• _Supplied material_:
<<<<

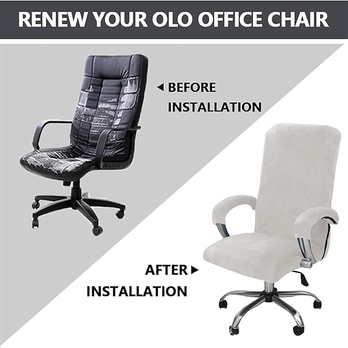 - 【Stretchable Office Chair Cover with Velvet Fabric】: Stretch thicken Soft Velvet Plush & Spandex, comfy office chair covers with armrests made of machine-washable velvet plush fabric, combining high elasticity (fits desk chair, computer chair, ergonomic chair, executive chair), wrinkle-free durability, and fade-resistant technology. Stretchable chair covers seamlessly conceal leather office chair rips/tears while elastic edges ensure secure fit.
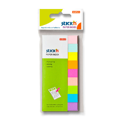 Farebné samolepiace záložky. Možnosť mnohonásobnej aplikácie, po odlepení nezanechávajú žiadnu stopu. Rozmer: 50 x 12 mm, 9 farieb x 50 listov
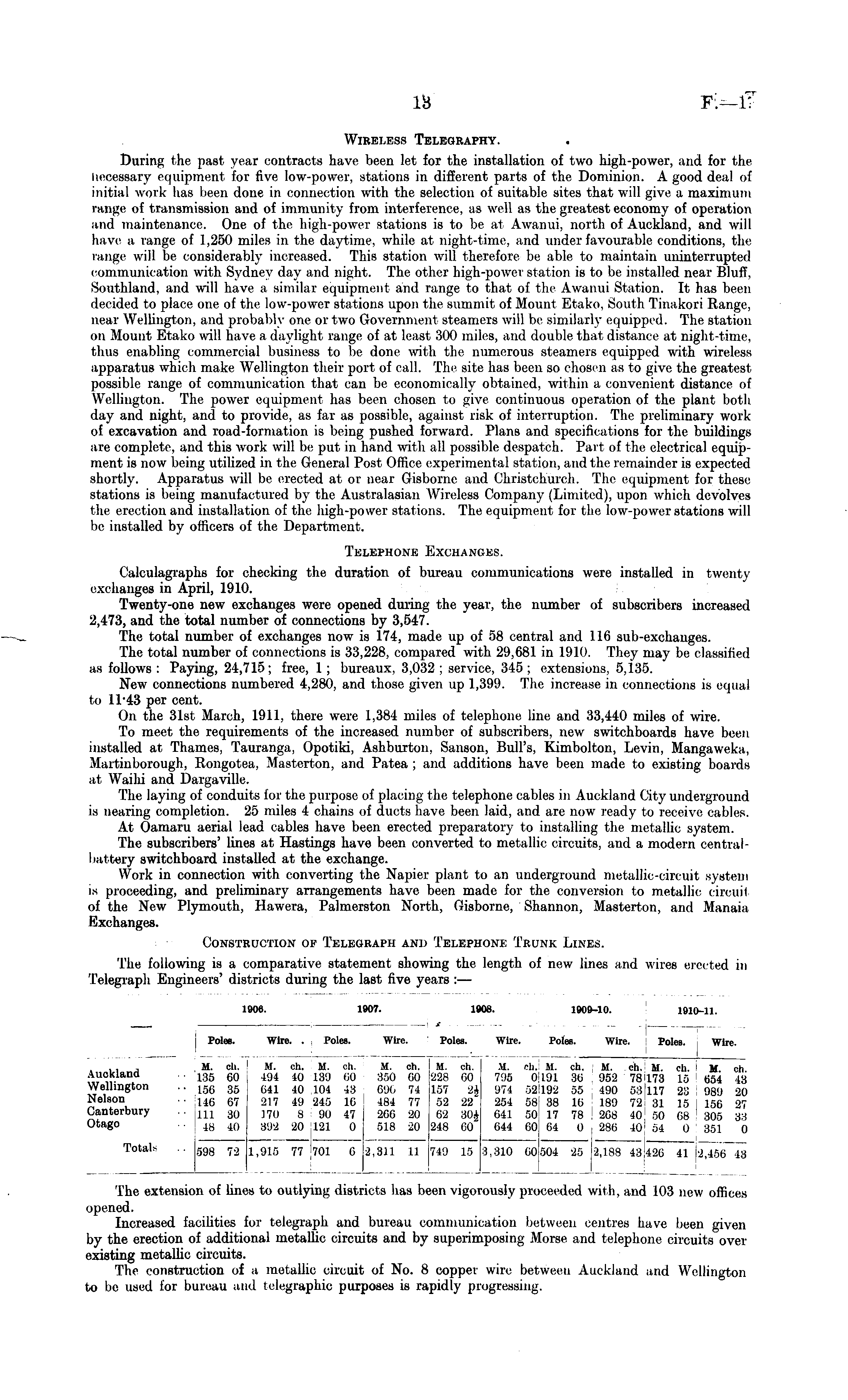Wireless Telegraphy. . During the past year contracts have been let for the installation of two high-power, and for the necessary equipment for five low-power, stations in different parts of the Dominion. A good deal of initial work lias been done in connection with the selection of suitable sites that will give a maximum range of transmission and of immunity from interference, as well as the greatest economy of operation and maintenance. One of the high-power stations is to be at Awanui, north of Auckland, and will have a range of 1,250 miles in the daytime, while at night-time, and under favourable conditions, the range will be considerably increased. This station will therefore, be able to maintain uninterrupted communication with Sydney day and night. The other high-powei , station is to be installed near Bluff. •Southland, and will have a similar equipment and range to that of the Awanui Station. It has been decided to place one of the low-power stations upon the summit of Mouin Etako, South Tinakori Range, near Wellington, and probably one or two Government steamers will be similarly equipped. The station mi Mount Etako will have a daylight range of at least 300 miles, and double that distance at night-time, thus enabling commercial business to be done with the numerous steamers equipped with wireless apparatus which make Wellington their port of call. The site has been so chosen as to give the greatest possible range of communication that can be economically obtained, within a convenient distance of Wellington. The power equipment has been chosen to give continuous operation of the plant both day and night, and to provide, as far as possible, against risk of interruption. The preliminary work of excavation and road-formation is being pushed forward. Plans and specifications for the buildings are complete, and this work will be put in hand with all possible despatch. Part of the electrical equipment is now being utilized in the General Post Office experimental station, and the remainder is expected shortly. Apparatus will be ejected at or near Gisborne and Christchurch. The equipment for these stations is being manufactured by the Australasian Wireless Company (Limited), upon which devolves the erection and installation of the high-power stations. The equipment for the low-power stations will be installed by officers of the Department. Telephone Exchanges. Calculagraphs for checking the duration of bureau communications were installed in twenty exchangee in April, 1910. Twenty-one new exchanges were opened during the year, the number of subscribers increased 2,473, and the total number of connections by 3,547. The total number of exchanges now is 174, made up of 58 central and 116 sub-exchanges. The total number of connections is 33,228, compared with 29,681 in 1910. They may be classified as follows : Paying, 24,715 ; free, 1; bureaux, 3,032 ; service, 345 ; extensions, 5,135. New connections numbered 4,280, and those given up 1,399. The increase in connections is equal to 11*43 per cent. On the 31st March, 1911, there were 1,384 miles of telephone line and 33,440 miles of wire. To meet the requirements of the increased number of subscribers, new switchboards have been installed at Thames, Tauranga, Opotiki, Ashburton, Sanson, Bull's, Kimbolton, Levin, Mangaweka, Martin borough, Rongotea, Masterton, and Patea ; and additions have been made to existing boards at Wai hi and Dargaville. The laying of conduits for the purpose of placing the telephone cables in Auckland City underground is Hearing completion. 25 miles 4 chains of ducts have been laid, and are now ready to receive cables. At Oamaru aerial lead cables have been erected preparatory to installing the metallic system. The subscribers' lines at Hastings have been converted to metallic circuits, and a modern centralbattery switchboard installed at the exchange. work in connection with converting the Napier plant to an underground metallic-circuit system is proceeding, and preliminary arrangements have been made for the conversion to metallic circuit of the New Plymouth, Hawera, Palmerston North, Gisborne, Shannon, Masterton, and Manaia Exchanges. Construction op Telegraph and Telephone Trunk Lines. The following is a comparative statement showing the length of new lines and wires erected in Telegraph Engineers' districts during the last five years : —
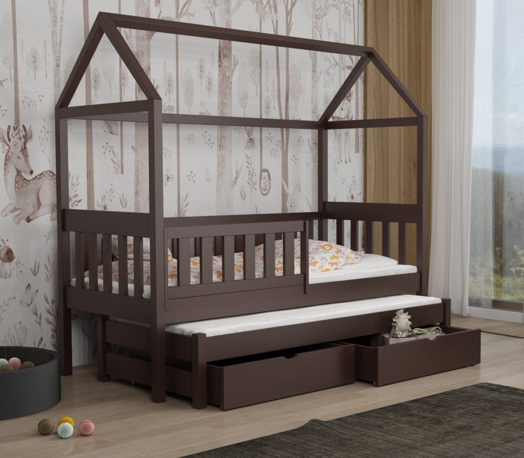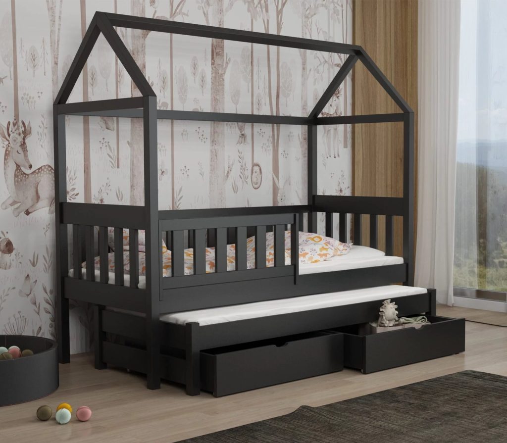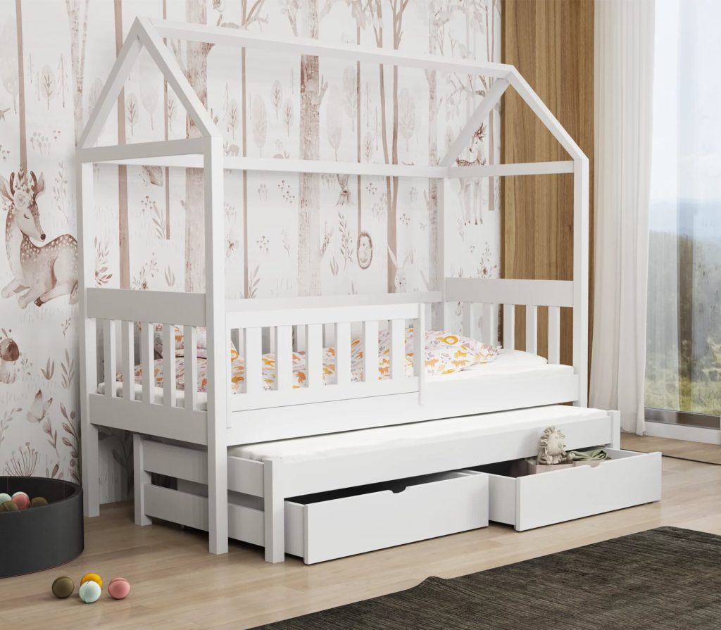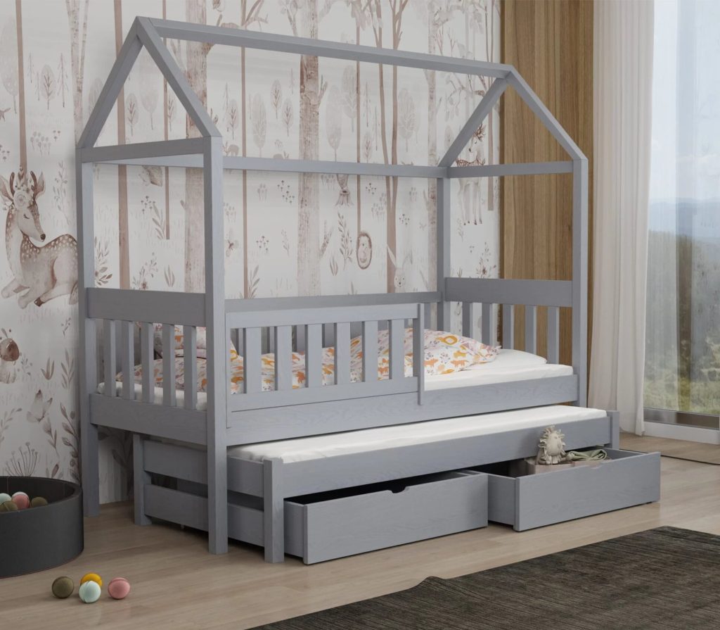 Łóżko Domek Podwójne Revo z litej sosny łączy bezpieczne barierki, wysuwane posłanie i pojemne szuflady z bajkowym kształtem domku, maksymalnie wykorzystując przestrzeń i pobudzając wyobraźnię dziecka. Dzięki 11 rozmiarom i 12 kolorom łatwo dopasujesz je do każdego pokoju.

>>>>

• _Problem details_: Without the pictures, please reproduce each line of the listing above exactly, from the first one through the line bearing "Farebné samolepiace záložky.".

• _Answer for this exercise_:
 - 【Stretchable Office Chair Cover with Velvet Fabric】: Stretch thicken Soft Velvet Plush & Spandex, comfy office chair covers with armrests made of machine-washable velvet plush fabric, combining high elasticity (fits desk chair, computer chair, ergonomic chair, executive chair), wrinkle-free durability, and fade-resistant technology. Stretchable chair covers seamlessly conceal leather office chair rips/tears while elastic edges ensure secure fit.
 Farebné samolepiace záložky. Možnosť mnohonásobnej aplikácie, po odlepení nezanechávajú žiadnu stopu. Rozmer: 50 x 12 mm, 9 farieb x 50 listov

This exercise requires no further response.